Some Men
nytheatre.com review by Martin Denton
March 24, 2007
If someone took our picture right now, I wonder if they would know we were gay men.
So says one of the characters in Terrence McNally's fine new play Some Men, and it may be the most powerful concept in a play that's filled to the brim with compelling ideas. This meditation on a century of progress and regress in gay American life proves, above all else, that no one gay "life" exists to be charted. The men of McNally's play are a doctor, a landscaper, a drag queen, a Harlem Renaissance gadfly, a hustler, a bartender, a piano player, a businessman, a chauffeur, a therapist, a soldier. They share something in common—and maybe only that one thing. Some Men explores who these men are, who they were made to be, and who they made themselves into. It's a story filled with dozens of little stories, all important, all of value.
It is, I think, the most sincere and authentic examination of its kind ever to find its way to the stage. Its rare honesty and candor make it one of the best plays McNally has written and one of the best plays of the current season. I love it for its insistent refusal to judge any of its characters, despite their myriad foibles and foolishnesses. The men of Some Men are shown to us, warts and all, with genuine respect and affection. They deserve it.
At the center of the play is a man named Bernie, an advertising executive who came of age in the '50s (he served in Korea). When we first meet him, he's having an awkward first sexual encounter with a handsome young hustler named Zach in a room at the Waldorf-Astoria:
Yes. I love my wife but sometimes I get these urges to be with a man so bad I think I'm gonna go crazy. I'm so tired of jacking off in our bathroom with Susan on the other side of the door in our bedroom.
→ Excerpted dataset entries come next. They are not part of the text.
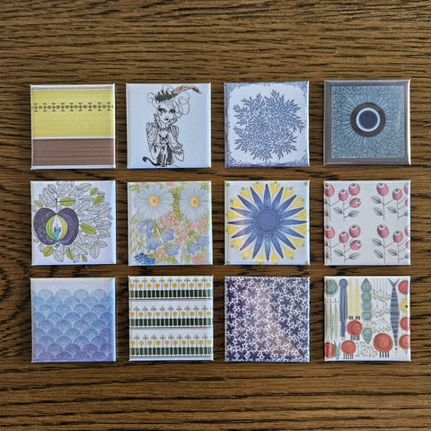 All magnets are designed and handmade by me. I use materials that are a mix of new and second hand. I aim to send orders within 24 hours.
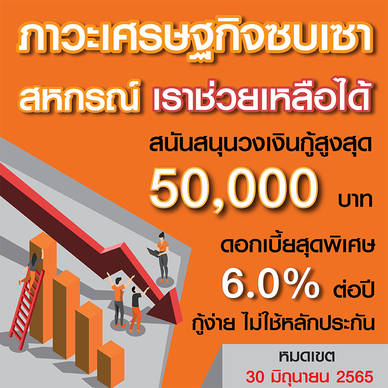 ภาวะเศรษฐกิจซบเซา สหกรณ์เราช่วยเหลือได้ ด้วยการสนับสนุนวงเงินกู้ดอกเบี้ยพิเศษ 6.0% ต่อปี
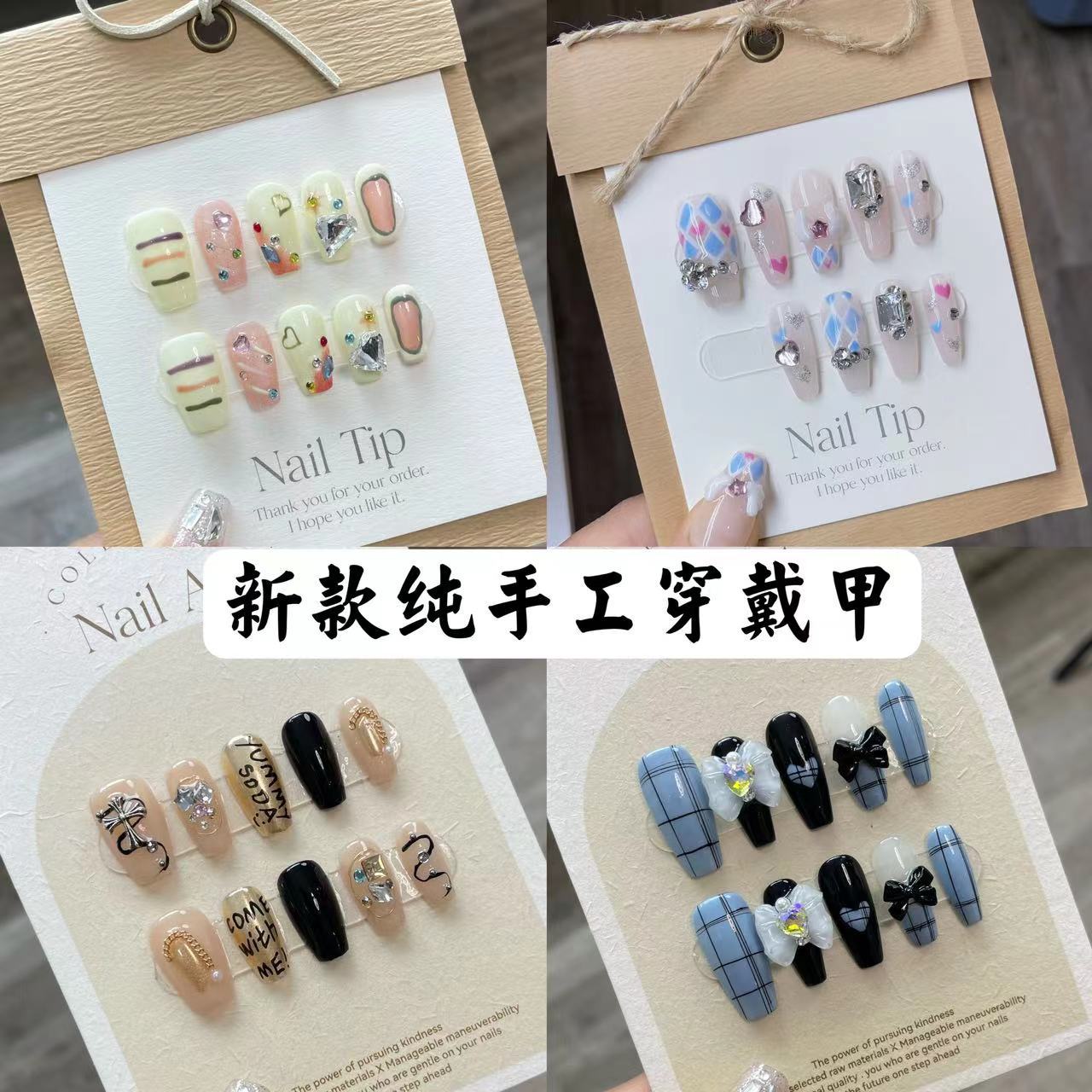 Nueva colección de uñas para usar hechas a mano, parche para uñas, uñas postizas, removibles, acabado, parche para uñas de fototerapia, producto terminado
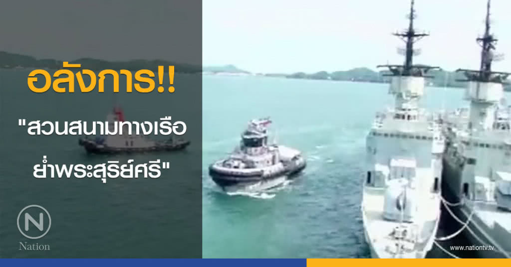 จากนั้น ผู้บัญชาการทหารเรือและคณะ เดินทางโดยเฮลิคอปเตอร์ไปยังเรือหลวงจักรีนฤเบศร ซึ่งจอดลอยลำอยู่กลางอ่าวสัตหีบ เพื่อเป็นประธานในพิธีสวนสนามทางเรือ โดยเรือหลวงปิ่นเกล้า ยิงสลุตจำนวน 19 นัด ทั้งนี้ ผู้บัญชาการทหารเรือ ได้กล่าวอำลาชีวิตราชการ และรับมอบของที่ระลึกจากผู้บัญชาการกองเรือยุทธการ ก่อนเดินทางกลับ
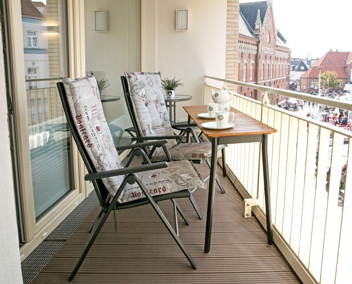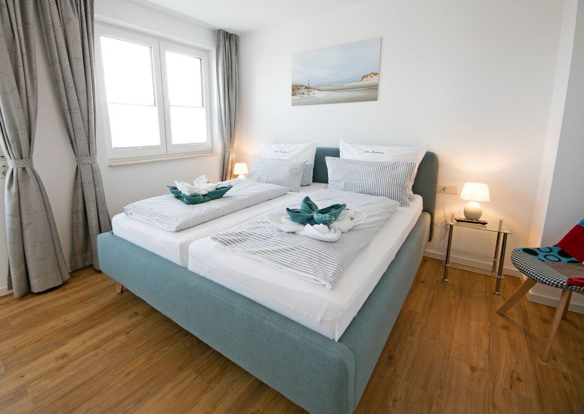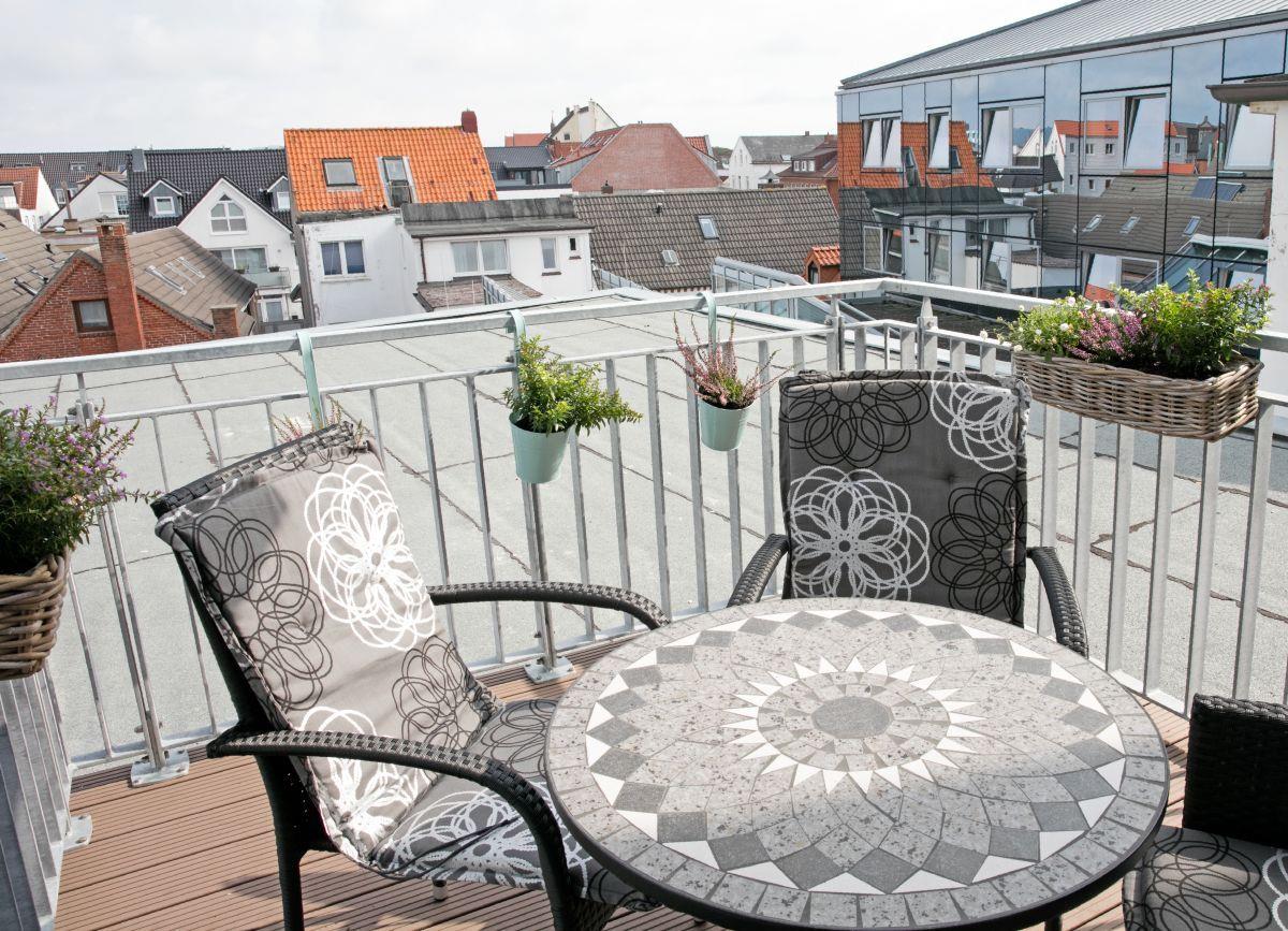 Blick auf die Fußgängerzone und die Silhouette von Norderney. Das Haus verfügt
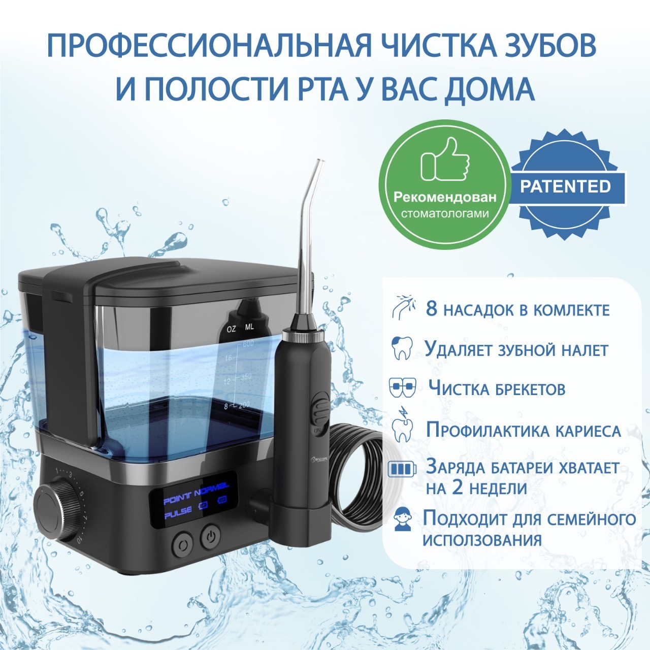 Портативный ирригатор полости рта для чистки зубов, языка и брекетов

I want to go Yow! when I come, once, just once in my life, go Yow! and mean it. I want the whole world to hear me when I come. I want me to hear me.
The rest of the play charts Bernie's journey to Yow. He decides to come out to his wife (in the play's most rivetingly powerful scene, in which he confides in a closeted colleague in the same boat); he looks for sex hoping to find love (there's a funny and touching segment set in a bath house in the pre-AIDS '70s); and he eventually does find love with another man, and stability, and all the good things and bad things that such a relationship can bring.
Surrounding Bernie's saga are vignettes that together create a panorama of the gay male experience in New York from the 1920s through the present day. We meet Angel Eyes, a Harlem singer who was close to a famous lyricist; David and Padraic, a rich Jewish man and his Irish chauffeur, who is also his lover; and Perry and Marcus, a contemporary couple planning to adopt a child. Most memorably, we spend the night of the Stonewall Riot at a piano bar around the corner, where a bunch of self-described "show queens" are surprised to find a drag queen named Roxie suddenly in their midst. Roxie is played by David Greenspan, who stops the show with a gorgeous rendition of "Over the Rainbow" that is as touching as it is appropriate.
And there's much, much more: journeys to the AIDS ward at St. Vincent's and a group therapy session and an interview conducted by two young Queer Studies majors of a stable couple of many decades' standing and an Internet chat room. The whole play is framed by a wedding, a ceremony that encapsulates many of McNally's key ideas about assimilation in its many forms.
Oh, and there's music, music everywhere. Show tunes at the piano bar, "Ten Cents a Dance" at the Harlem dive, even an impromptu dance after the group therapy session: there's no getting around the fact that these men move to the beat, sometimes of a different drum and sometimes the same one as everybody else.
Some Men is cast shrewdly with nine actors who can sing and move, and everyone in the cast has at least one moment to shine. Michael McElroy does the Rodgers & Hart as Angel Eyes, Don Amendolia channels Merman in the Stonewall scene, and Randy Redd is the dependable piano man in segment after segment. Jesse Hooker, Pedro Pascal, and Frederick Weller do excellent work in a variety of roles each. Kelly AuCoin anchors the play beautifully as Bernie, with Romain Frugé delivering a tender but unsentimental performance as his long-term partner Carl.
The play has been staged with great care and intelligence by director Trip Cullman, and mounted lovingly by Second Stage Theatre, featuring a spare, elegant, and supremely versatile set by Mark Wendland, effective lighting by Kevin Adams, lots of terrifically appropriate costumes by Linda Cho, and an engaging soundscore by John Gromada.
But it's McNally's truthfulness and wisdom that makes Some Men feel so essential and human. This is a play with neither a chip on its shoulder nor its heart on its sleeve; it's funny and sad and playful and romantic and sexy; it's not political and it's not graphically in-your-face. (It is campy; it has to be.) It is, finally, about what it means to be a gay man, which takes in what it means to be gay and what it means to be a man: it's as epic and as intimate as that mission requires.